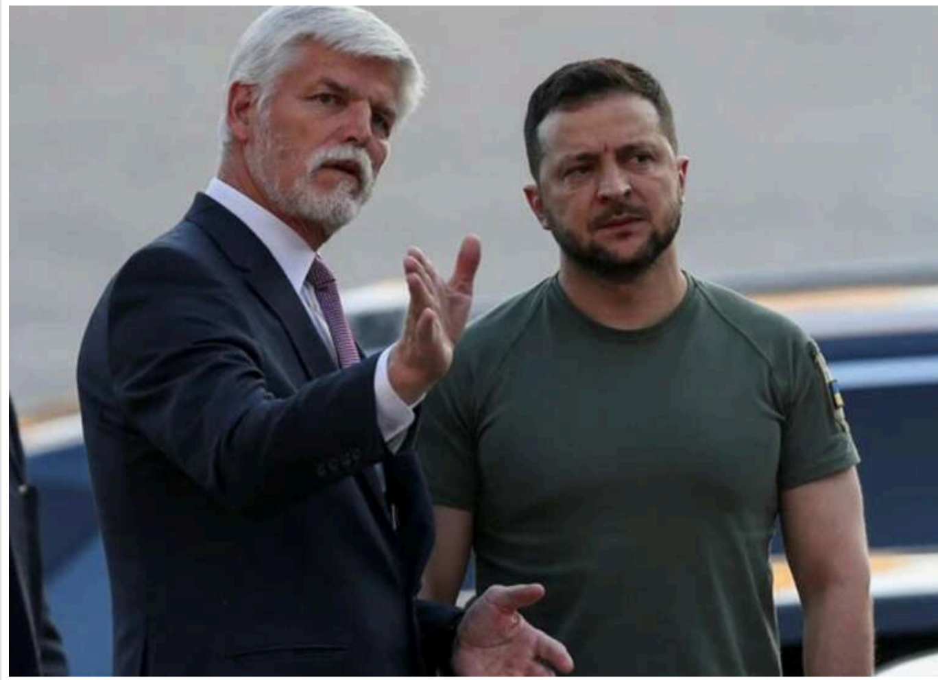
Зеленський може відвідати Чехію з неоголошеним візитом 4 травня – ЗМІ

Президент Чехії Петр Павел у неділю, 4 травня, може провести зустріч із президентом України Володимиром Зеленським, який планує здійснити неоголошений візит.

* * *

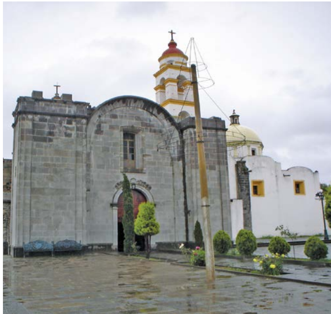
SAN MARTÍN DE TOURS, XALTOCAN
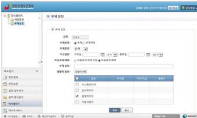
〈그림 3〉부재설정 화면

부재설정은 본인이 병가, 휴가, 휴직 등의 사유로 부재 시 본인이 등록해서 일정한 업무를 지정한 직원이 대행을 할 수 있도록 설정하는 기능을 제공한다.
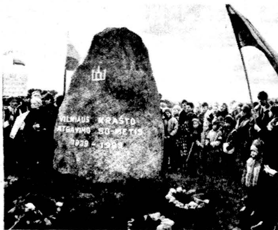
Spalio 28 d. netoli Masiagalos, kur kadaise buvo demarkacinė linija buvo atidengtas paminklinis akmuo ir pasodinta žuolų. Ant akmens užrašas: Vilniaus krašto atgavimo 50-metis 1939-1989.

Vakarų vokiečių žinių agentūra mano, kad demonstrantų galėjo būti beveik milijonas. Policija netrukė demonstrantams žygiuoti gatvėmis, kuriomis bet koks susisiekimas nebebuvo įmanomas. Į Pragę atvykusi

- EXERCISE BRIEF:
Which lines in the data hold the string "травня"? Copy each of them.

- EXERCISE RESPONSE:
Зеленський може відвідати Чехію з неоголошеним візитом 4 травня – ЗМІ
Президент Чехії Петр Павел у неділю, 4 травня, може провести зустріч із президентом України Володимиром Зеленським, який планує здійснити неоголошений візит.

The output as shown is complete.